The effect of pore sizes on D2/H2 separation conducted by MOF-74 analogues

• Published in: Inorganic chemistry frontiers Vol. 9; no. 8; pp. 1674 - 1680
• Main Authors: Li, Liqiong, Ji, Chunqing, Wang, Wenjing, Wu, Fan, Yan-Xi, Tan, Yuan, Daqiang
• Format: Journal Article
• Language: English
• Published: London Royal Society of Chemistry 21.02.2022
• Subjects: Diffusion rate; Hydrogen isotopes; Inorganic chemistry; Metal-organic frameworks; Mixtures; Pore size; Separation
• ISSN: 2052-1545; 2052-1553
• DOI: 10.1039/d2qi00156j

Four stable MOF-74 analogues, namely Ni2(dobdc), Ni2(dobpdc), Ni2(olz) and Ni2(dotpdc), possessing abundant open metal sites (OMSs) and honeycomb channels with pore sizes ranging from 1.0 to 2.6 nm, were used to research the effects of the pore size on D2/H2 separation from the hydrogen isotope mixture through dynamic column breakthrough experiments.

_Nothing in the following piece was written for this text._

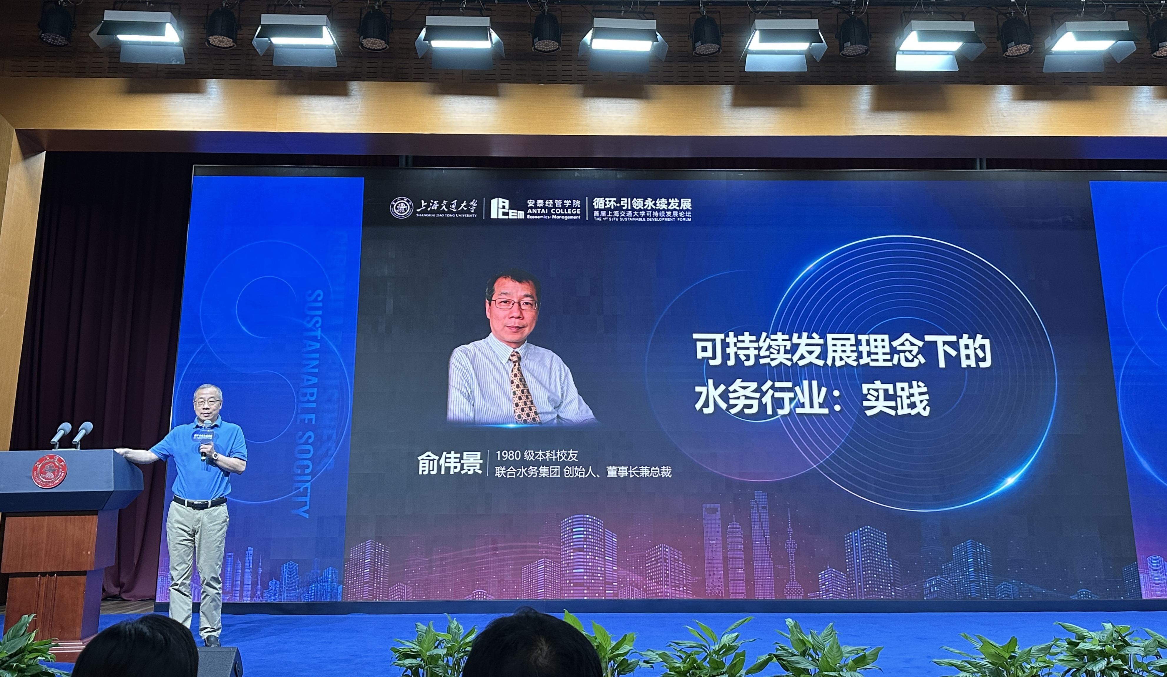 作為企業(yè)界的校友代表,俞偉景作了題為《可持續(xù)發(fā)展理念下的水務(wù)行業(yè):實(shí)踐》的主旨演講。俞偉景從我國水資源基本特征及水務(wù)行業(yè)中的供水、排水、再生水利用等方面介紹了水務(wù)行業(yè)的發(fā)展與現(xiàn)狀,并分享了水務(wù)行業(yè)圍繞可持續(xù)發(fā)展理念在新能源應(yīng)用、資源化利用、綜合治理一體化、智慧水務(wù)等方面的探索。他提及,聯(lián)合水務(wù)作為一家綜合性、全方位的水務(wù)公司,積極踐行可持續(xù)發(fā)展理念,在污水資源化利用、智慧水務(wù)等方面已有豐富的實(shí)踐經(jīng)驗(yàn),并已開始在自有水廠探索與新能源的結(jié)合,實(shí)現(xiàn)節(jié)能降碳的目標(biāo)。如今,公司邁入第二十個(gè)年頭,未來也將繼續(xù)開拓創(chuàng)新,創(chuàng)造新機(jī)遇,增添新動(dòng)力。

With respect to consideration of the chemical affinity quantum sieving (CAQS) effect and the competitive adsorption between Ne and hydrogen isotope in (H2/D2/Ne: 1/1/98) and (H2/D2/Ne: 10/10/80) mixtures, the microporous Ni2(dobdc) exhibits the longest breakthrough time periods of 240 and 36.4 min g−1, respectively. In the (H2/D2: 50/50) mixture, mesoporous Ni2(olz) exhibits the longest breakthrough time of 15.0 min g−1 owing to its more accessible OMSs and diffusion rate of hydrogen isotope being inclined to adsorb heavier D2 rather than H2. Hence, mesoporous MOFs with abundant OMSs may be ideal candidates for D2/H2 separation.